Dataset excerpt →
--*--

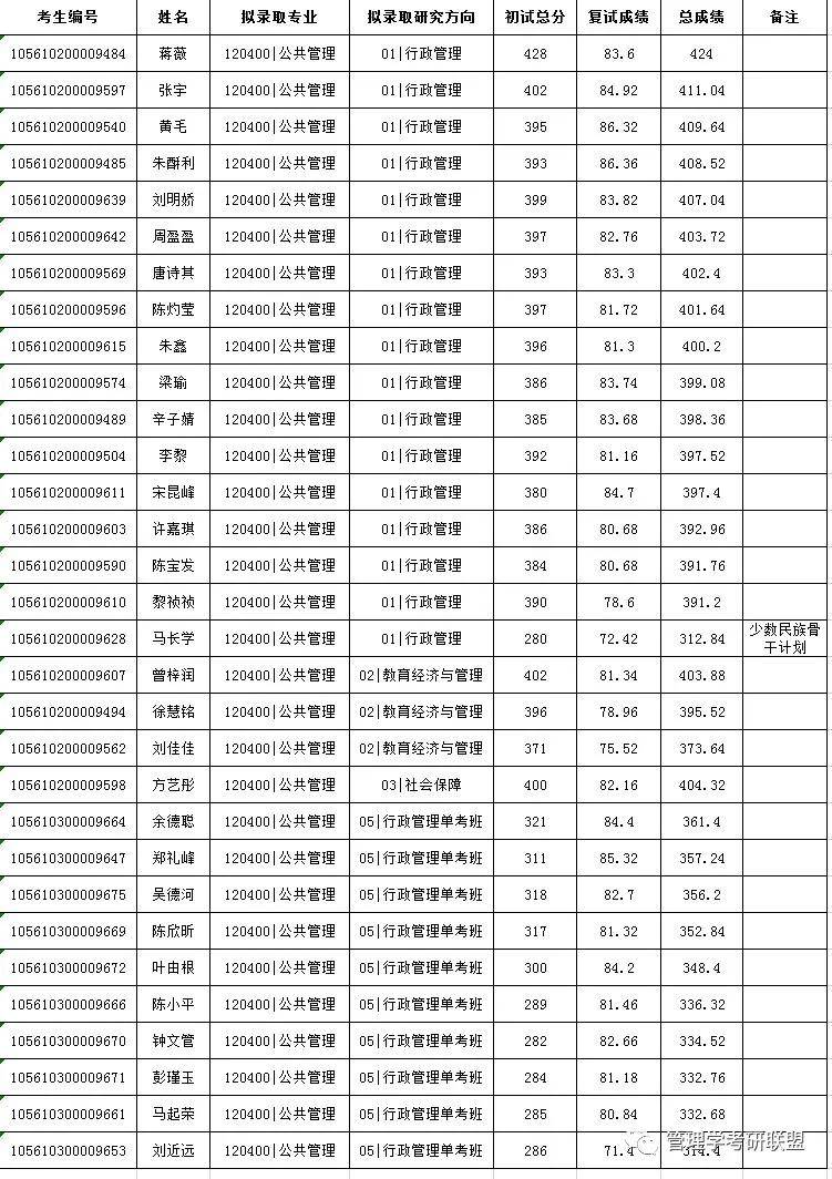 公共管理学硕一志愿拟录取21人,调剂拟录取15人,共录取36人;另单考生拟录取10人
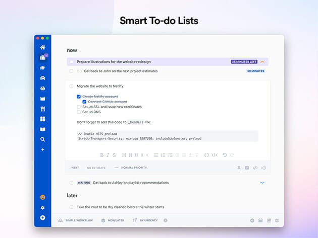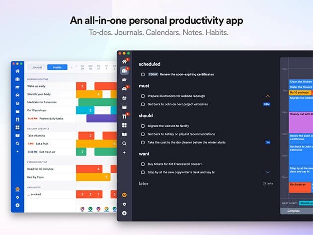 Lunatask is an all-in-one privacy-focused to-do list, notebook, habit and mood tracker, daily journal, and Pomodoro timer. It remembers stuff for you and knows what to work on next. Choose from a variety of production techniques to get stuff actually done.
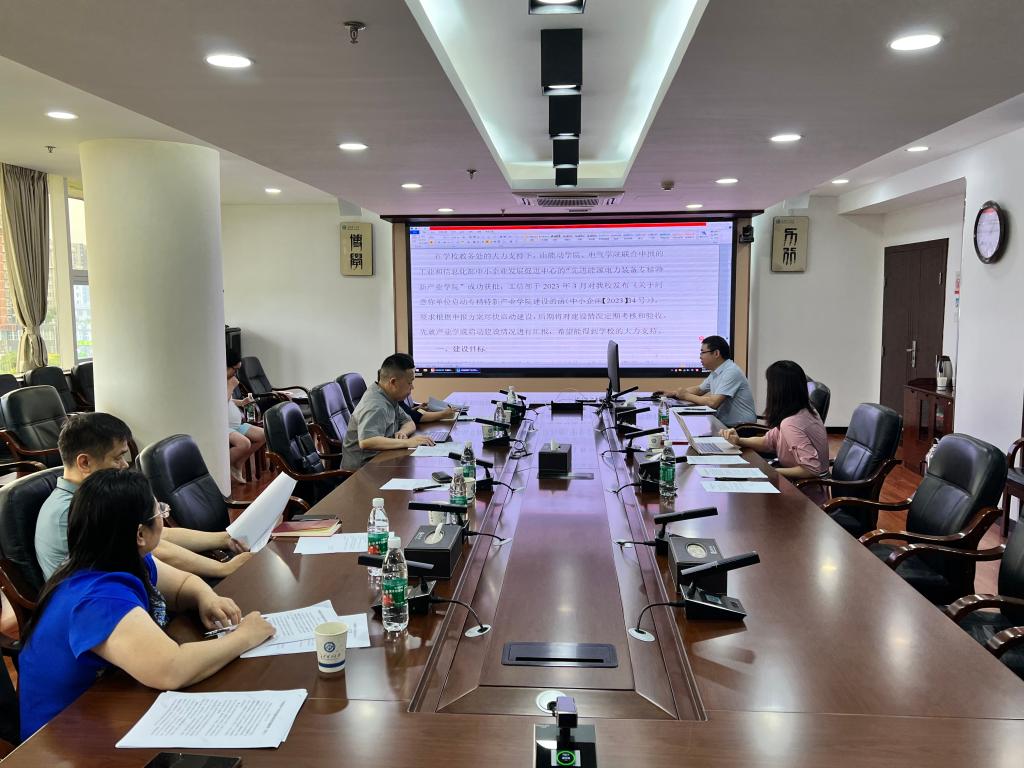 随后,“先进能源电力装备”专精特新产业学院的负责人何建军对产业学院工作的开展情况进行汇报。汇报主要围绕:建设目标、建设计划安排、组织实施以及产业学院预期成果等方面进行阐述。同时反馈了在建设过程中遇到的经费不足以及专业人员不够等困难。蒋菲肯定了学院建设报告中提及的7月份举办启动仪式和召开研讨会的工作安排,并表示学校必定全力支持并协助各学院解决困难,将工作具体细则,工作制度以及工作规划等落到实处。
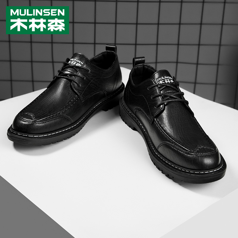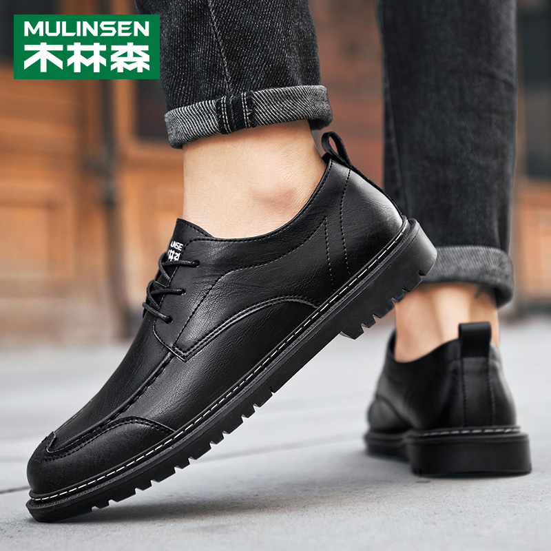 Mulinsen leather black casual leather shoes men's autumn new British style business formal dress cowhide soft bottom work

--*--

What is being asked →
Repeat the data exactly in full, omitting its pictures.

Task solution →
 公共管理学硕一志愿拟录取21人,调剂拟录取15人,共录取36人;另单考生拟录取10人
 Lunatask is an all-in-one privacy-focused to-do list, notebook, habit and mood tracker, daily journal, and Pomodoro timer. It remembers stuff for you and knows what to work on next. Choose from a variety of production techniques to get stuff actually done.
 随后,“先进能源电力装备”专精特新产业学院的负责人何建军对产业学院工作的开展情况进行汇报。汇报主要围绕:建设目标、建设计划安排、组织实施以及产业学院预期成果等方面进行阐述。同时反馈了在建设过程中遇到的经费不足以及专业人员不够等困难。蒋菲肯定了学院建设报告中提及的7月份举办启动仪式和召开研讨会的工作安排,并表示学校必定全力支持并协助各学院解决困难,将工作具体细则,工作制度以及工作规划等落到实处。
 Mulinsen leather black casual leather shoes men's autumn new British style business formal dress cowhide soft bottom work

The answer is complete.